▼▼▼

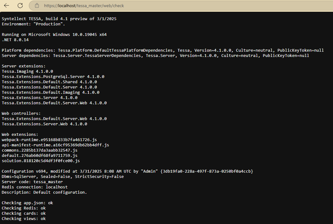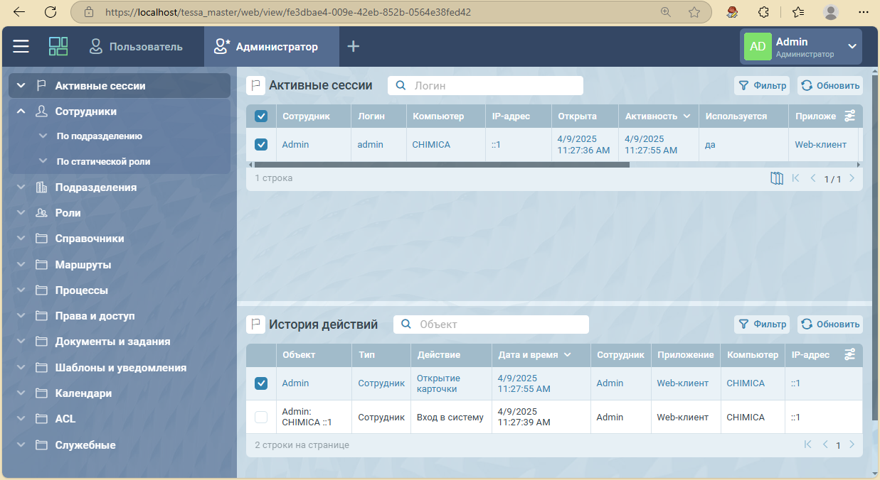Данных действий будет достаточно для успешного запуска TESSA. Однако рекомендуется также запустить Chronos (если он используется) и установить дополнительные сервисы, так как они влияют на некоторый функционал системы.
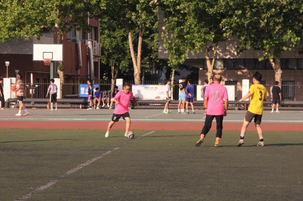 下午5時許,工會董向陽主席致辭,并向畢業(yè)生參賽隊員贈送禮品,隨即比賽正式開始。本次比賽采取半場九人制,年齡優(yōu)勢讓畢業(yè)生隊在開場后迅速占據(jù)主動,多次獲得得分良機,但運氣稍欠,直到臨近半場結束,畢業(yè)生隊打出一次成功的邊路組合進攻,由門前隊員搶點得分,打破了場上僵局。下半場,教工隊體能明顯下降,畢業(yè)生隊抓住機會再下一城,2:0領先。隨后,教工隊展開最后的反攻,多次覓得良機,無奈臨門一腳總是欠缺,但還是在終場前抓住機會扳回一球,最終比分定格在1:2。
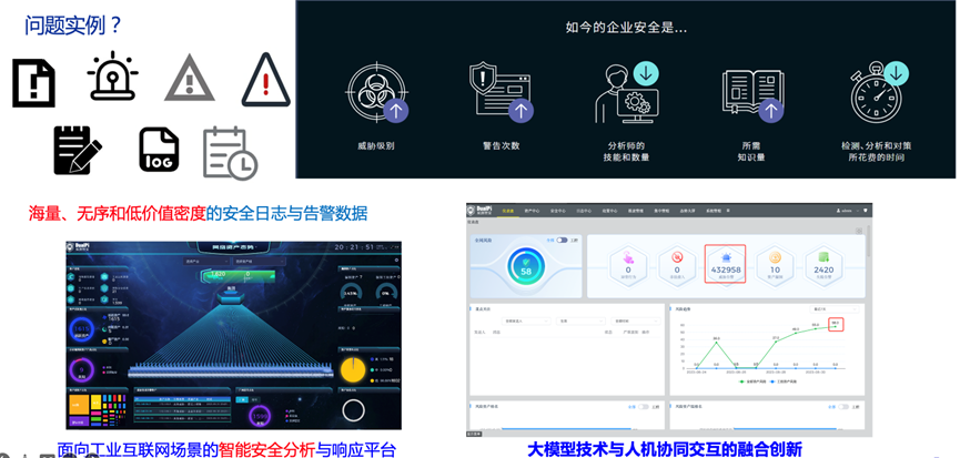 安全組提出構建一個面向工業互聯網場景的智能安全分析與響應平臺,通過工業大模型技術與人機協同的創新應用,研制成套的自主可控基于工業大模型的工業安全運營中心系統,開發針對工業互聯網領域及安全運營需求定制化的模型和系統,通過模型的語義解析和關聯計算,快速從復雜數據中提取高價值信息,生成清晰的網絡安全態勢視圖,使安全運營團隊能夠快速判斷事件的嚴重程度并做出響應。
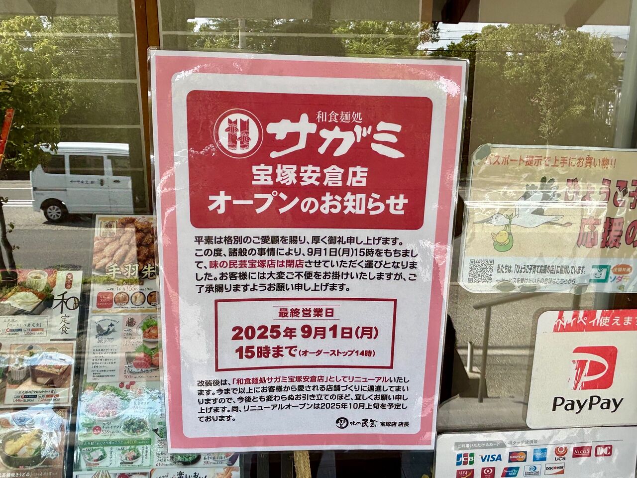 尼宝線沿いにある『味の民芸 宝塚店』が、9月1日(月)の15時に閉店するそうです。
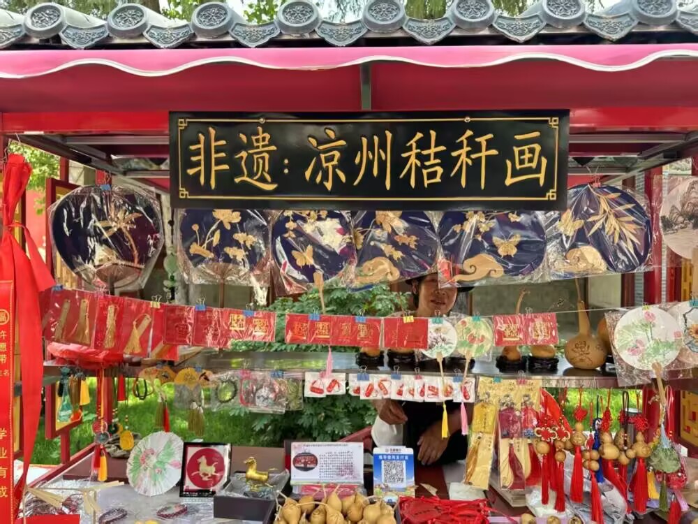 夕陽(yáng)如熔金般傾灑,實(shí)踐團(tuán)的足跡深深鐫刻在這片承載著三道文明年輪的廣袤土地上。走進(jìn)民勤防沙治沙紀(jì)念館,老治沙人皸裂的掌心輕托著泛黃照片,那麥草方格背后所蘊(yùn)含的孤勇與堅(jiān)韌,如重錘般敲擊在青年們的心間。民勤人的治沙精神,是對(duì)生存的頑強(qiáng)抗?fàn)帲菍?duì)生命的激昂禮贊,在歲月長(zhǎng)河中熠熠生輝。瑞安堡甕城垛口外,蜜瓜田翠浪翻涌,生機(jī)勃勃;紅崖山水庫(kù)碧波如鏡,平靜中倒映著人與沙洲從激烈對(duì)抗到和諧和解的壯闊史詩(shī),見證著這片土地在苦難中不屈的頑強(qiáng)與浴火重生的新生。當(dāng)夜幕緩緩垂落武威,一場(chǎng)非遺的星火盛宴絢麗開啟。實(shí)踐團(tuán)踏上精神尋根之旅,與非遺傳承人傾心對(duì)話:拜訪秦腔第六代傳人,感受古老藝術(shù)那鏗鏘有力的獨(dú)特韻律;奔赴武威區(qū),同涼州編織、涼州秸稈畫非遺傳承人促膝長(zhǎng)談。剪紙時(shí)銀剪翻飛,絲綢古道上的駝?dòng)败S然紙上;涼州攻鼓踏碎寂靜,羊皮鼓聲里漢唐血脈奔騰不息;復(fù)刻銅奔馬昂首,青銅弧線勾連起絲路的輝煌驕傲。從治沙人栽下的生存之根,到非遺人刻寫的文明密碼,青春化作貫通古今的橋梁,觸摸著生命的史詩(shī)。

▲▲▲

> **Prompt**: Please write out the entire listing above exactly, but leave the pictures out.

> **Response to this exercise**:
Данных действий будет достаточно для успешного запуска TESSA. Однако рекомендуется также запустить Chronos (если он используется) и установить дополнительные сервисы, так как они влияют на некоторый функционал системы.
 下午5時許,工會董向陽主席致辭,并向畢業(yè)生參賽隊員贈送禮品,隨即比賽正式開始。本次比賽采取半場九人制,年齡優(yōu)勢讓畢業(yè)生隊在開場后迅速占據(jù)主動,多次獲得得分良機,但運氣稍欠,直到臨近半場結束,畢業(yè)生隊打出一次成功的邊路組合進攻,由門前隊員搶點得分,打破了場上僵局。下半場,教工隊體能明顯下降,畢業(yè)生隊抓住機會再下一城,2:0領先。隨后,教工隊展開最后的反攻,多次覓得良機,無奈臨門一腳總是欠缺,但還是在終場前抓住機會扳回一球,最終比分定格在1:2。
 安全組提出構建一個面向工業互聯網場景的智能安全分析與響應平臺,通過工業大模型技術與人機協同的創新應用,研制成套的自主可控基于工業大模型的工業安全運營中心系統,開發針對工業互聯網領域及安全運營需求定制化的模型和系統,通過模型的語義解析和關聯計算,快速從復雜數據中提取高價值信息,生成清晰的網絡安全態勢視圖,使安全運營團隊能夠快速判斷事件的嚴重程度并做出響應。
 尼宝線沿いにある『味の民芸 宝塚店』が、9月1日(月)の15時に閉店するそうです。
 夕陽(yáng)如熔金般傾灑,實(shí)踐團(tuán)的足跡深深鐫刻在這片承載著三道文明年輪的廣袤土地上。走進(jìn)民勤防沙治沙紀(jì)念館,老治沙人皸裂的掌心輕托著泛黃照片,那麥草方格背后所蘊(yùn)含的孤勇與堅(jiān)韌,如重錘般敲擊在青年們的心間。民勤人的治沙精神,是對(duì)生存的頑強(qiáng)抗?fàn)帲菍?duì)生命的激昂禮贊,在歲月長(zhǎng)河中熠熠生輝。瑞安堡甕城垛口外,蜜瓜田翠浪翻涌,生機(jī)勃勃;紅崖山水庫(kù)碧波如鏡,平靜中倒映著人與沙洲從激烈對(duì)抗到和諧和解的壯闊史詩(shī),見證著這片土地在苦難中不屈的頑強(qiáng)與浴火重生的新生。當(dāng)夜幕緩緩垂落武威,一場(chǎng)非遺的星火盛宴絢麗開啟。實(shí)踐團(tuán)踏上精神尋根之旅,與非遺傳承人傾心對(duì)話:拜訪秦腔第六代傳人,感受古老藝術(shù)那鏗鏘有力的獨(dú)特韻律;奔赴武威區(qū),同涼州編織、涼州秸稈畫非遺傳承人促膝長(zhǎng)談。剪紙時(shí)銀剪翻飛,絲綢古道上的駝?dòng)败S然紙上;涼州攻鼓踏碎寂靜,羊皮鼓聲里漢唐血脈奔騰不息;復(fù)刻銅奔馬昂首,青銅弧線勾連起絲路的輝煌驕傲。從治沙人栽下的生存之根,到非遺人刻寫的文明密碼,青春化作貫通古今的橋梁,觸摸著生命的史詩(shī)。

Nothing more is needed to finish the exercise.